Acute Pelvic Pain

Cardinal Presentations

This post is part of a series called “Cardinal Presentations”, based on Rosen’s Emergency Medicine (8th edition).

Evaluation of Acute Pelvic Pain

Acute Pelvic Pain

Key Historical Findings

Location
Lateralized: suggests process related to tube or ovary, consider unilateral urinary tract process. On right, add appendicitis to differential; on left, add diverticulitis (particularly if age >40.
Central: suggests process involving uterus, bladder or bilateral adnexa
Diffuse: suggests PID
Radiation
Radiation to rectum suggests pooling of fluid or blood in cul-de-sac
Onset
Abrupt: suggests acute intrapelvic hemorrhage (from ruptured ectopic or ovarian cyst), ovarian torsion, urolithiasis
Gradual: inflammatory process such as PID
Chronic/recurrent: suggests endometriosis, recurrent ovarian cyst, ovarian mass
Associated Symptoms
Fevers/chills: suggests infectious process
Nausea/vomiting: suggests process involving gastrointestinal tract, though may accompany pregnancy or severe pain associated with ovarian torsion, urolithiasis.
Dysuria: suggests process involving urinary tract, though may be associated with local vulvar/vaginal process
Urinary urgency: more specific for bladder or urethral irritation
Obstetric History
History of recurrent spontaneous abortions or prior ectopic pregnancy increases likelihood of recurrence.
Ongoing fertility treatments increase likelihood for ectopic/heterotopic (occurs in 1:100 with assisted reproduction compared to 1:8000 in general population)
Vaginal Bleeding
In non-pregnant: suggests PID, DUB, cervical or uterine cancer
In early pregnancy: may be associated with ectopic pregnancy, non-viable IUP, or subchorionic hemorrhage
In late pregnancy: may be associated with placental pathology (previa, abruption)

Key Physical Findings

  • Pelvic examination: assists with localization of lateralized process.

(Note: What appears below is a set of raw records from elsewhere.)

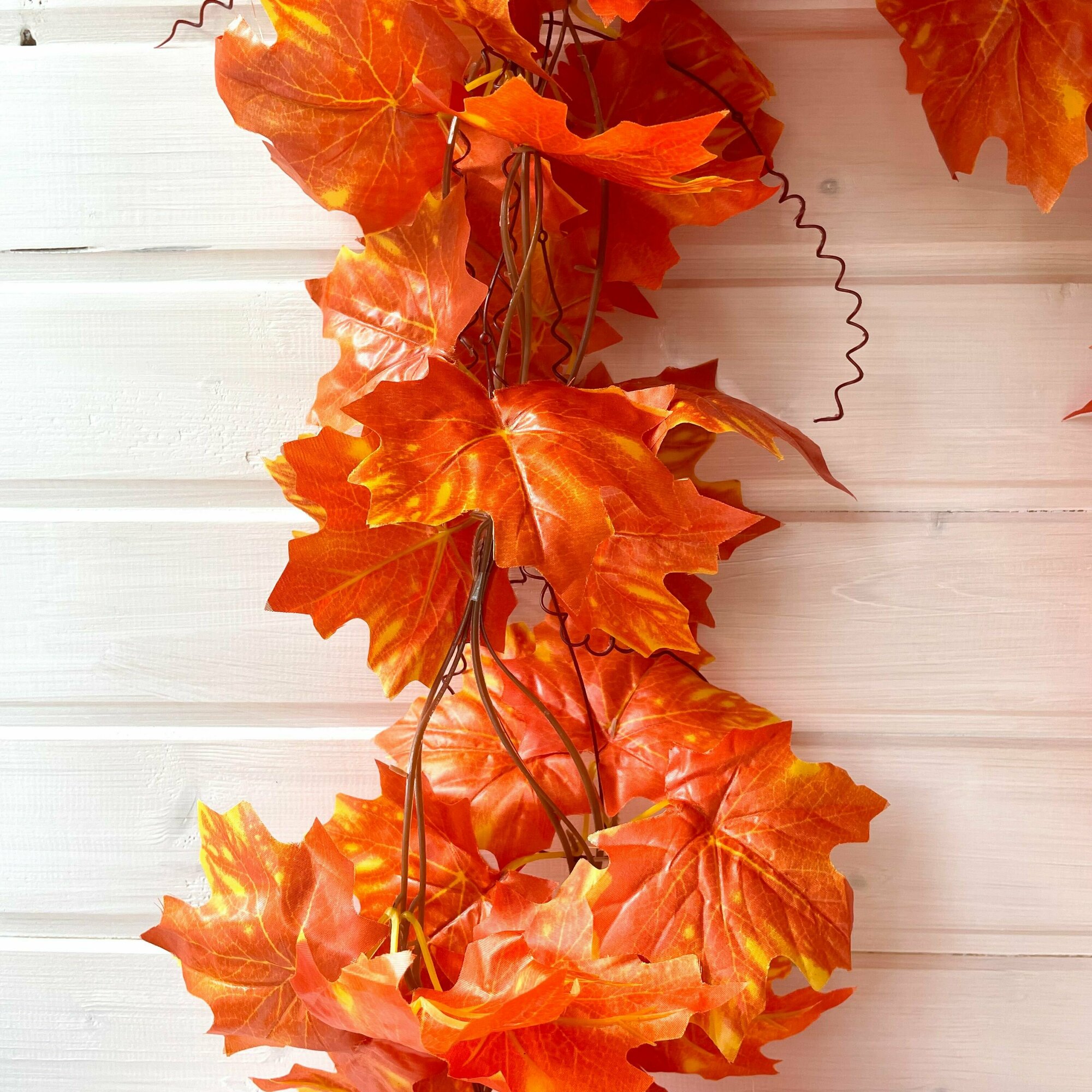 Кленовые листья, осенние, искусственные, Оранжевые, лиана 2,35 метра, 3 штуки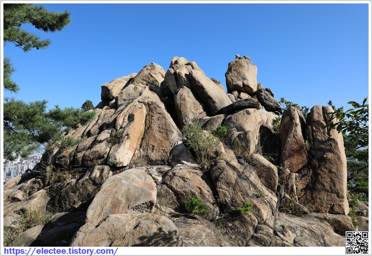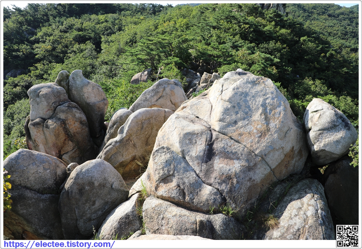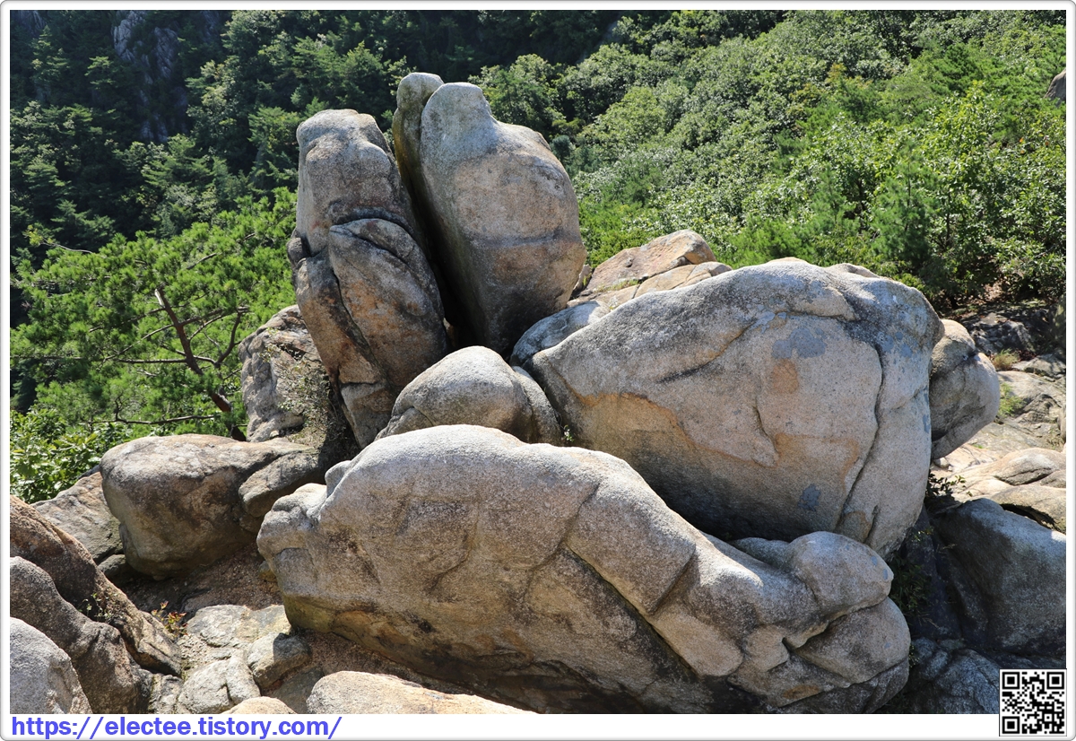 바위 위로 올라가면 여러 형태의 바위가 모여 있다.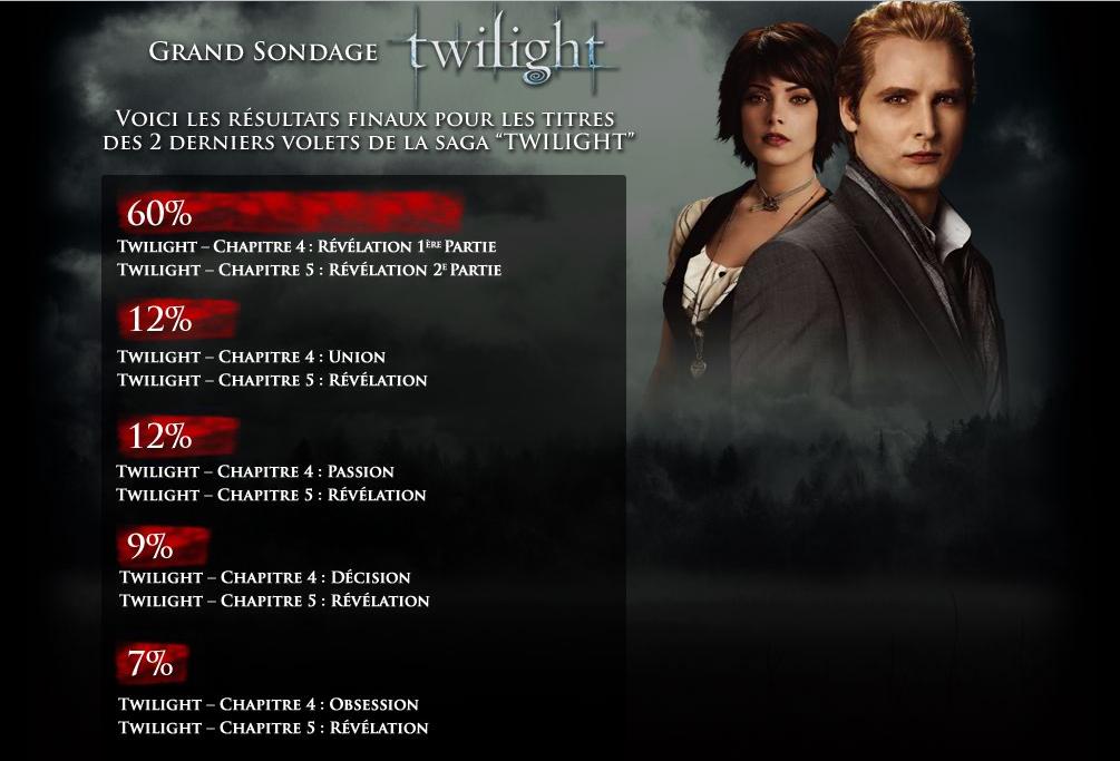 60% ont voté pour :- Chapitre 4 : Révélation 1 ère partie- Chapitre 5 : Révélation 2 ème partie 12% ont voté pour :- Chapitre 4 : Union- Chapitre 5 : Révélation12% ont voté pour :- Chapitre 4 : Obsession- Chapitre 5 : Révélation9% ont voté pour :- Chapitre 4 : Décision- Chapitre 5 : Révélation7% ont voté pour :- Chapitre 4 : Union- Chapitre 5 : RévélationLes deux derniers volets se nommeront donc :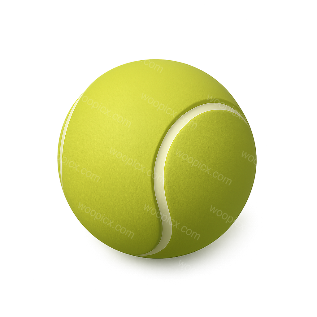 A vibrant 3D tennis ball icon showcasing a sleek design with a three-quarter view. The ball is bright green, featuring a smooth texture and a white seam, set against a soft gradient background.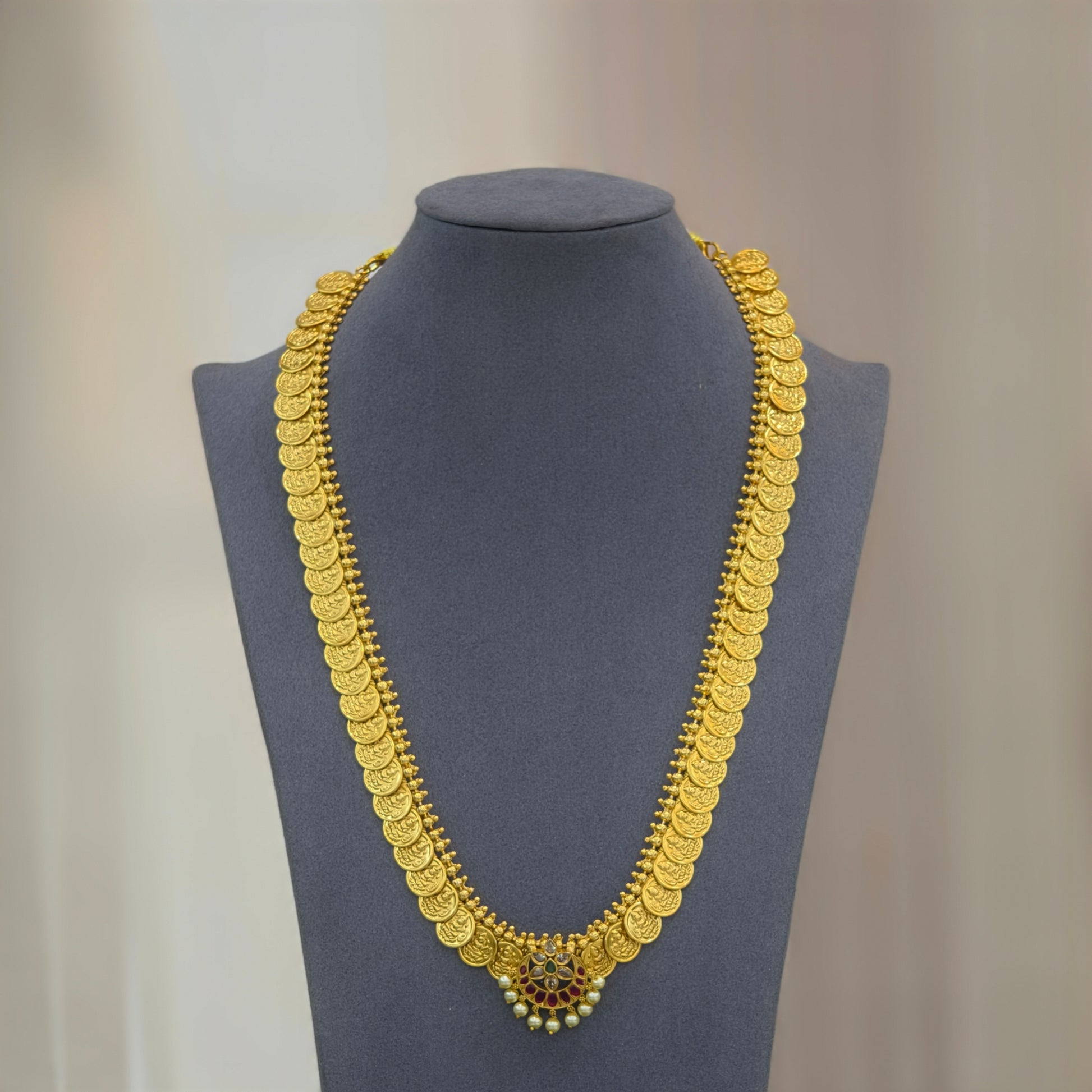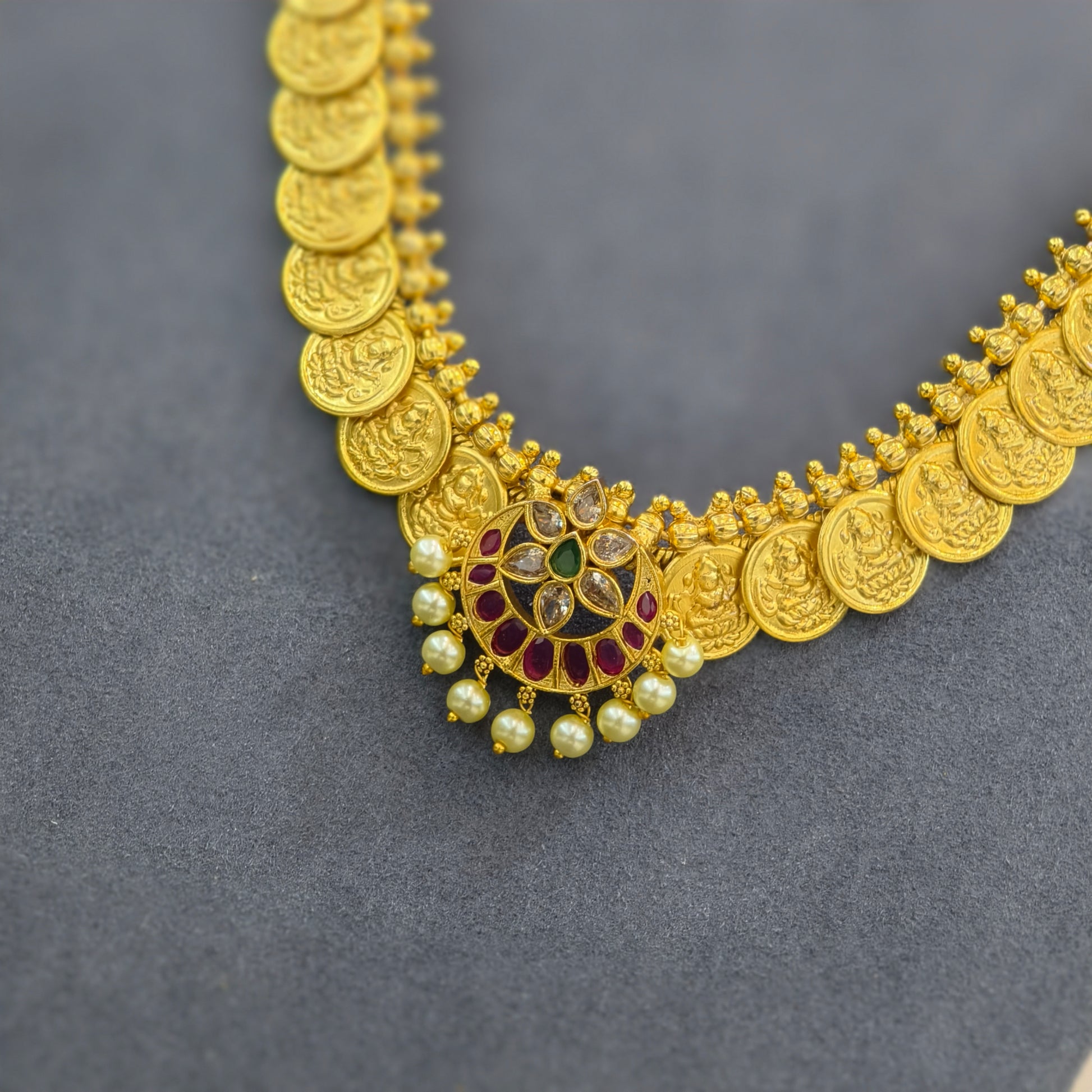 Antique finishing kasu neck piece.laxmi kasu motive.kempu and white stone combination.at budget friendly.

Should be preceded by ultrasound if >20 weeks.
  • Abnormal vaginal discharge: suggests vaginitis, cervicitis, PID, or retained foreign body.
  • Cervical motion tenderness: suggests reproductive tract inflammation or irritation of adjacent structures (appendicitis, cystitis)
  • Unilateral adnexal mass/tenderness: associated with ovarian cyst/mass, TOA, ectopic, or ovarian torsion.

References:

  1. Hart, D., & Lipsky, A. (2013). Acute Pelvic Pain in Women. In Rosen's Emergency Medicine – Concepts and Clinical Practice (8th ed., Vol. 1, pp. 266-272). Elsevier Health Sciences.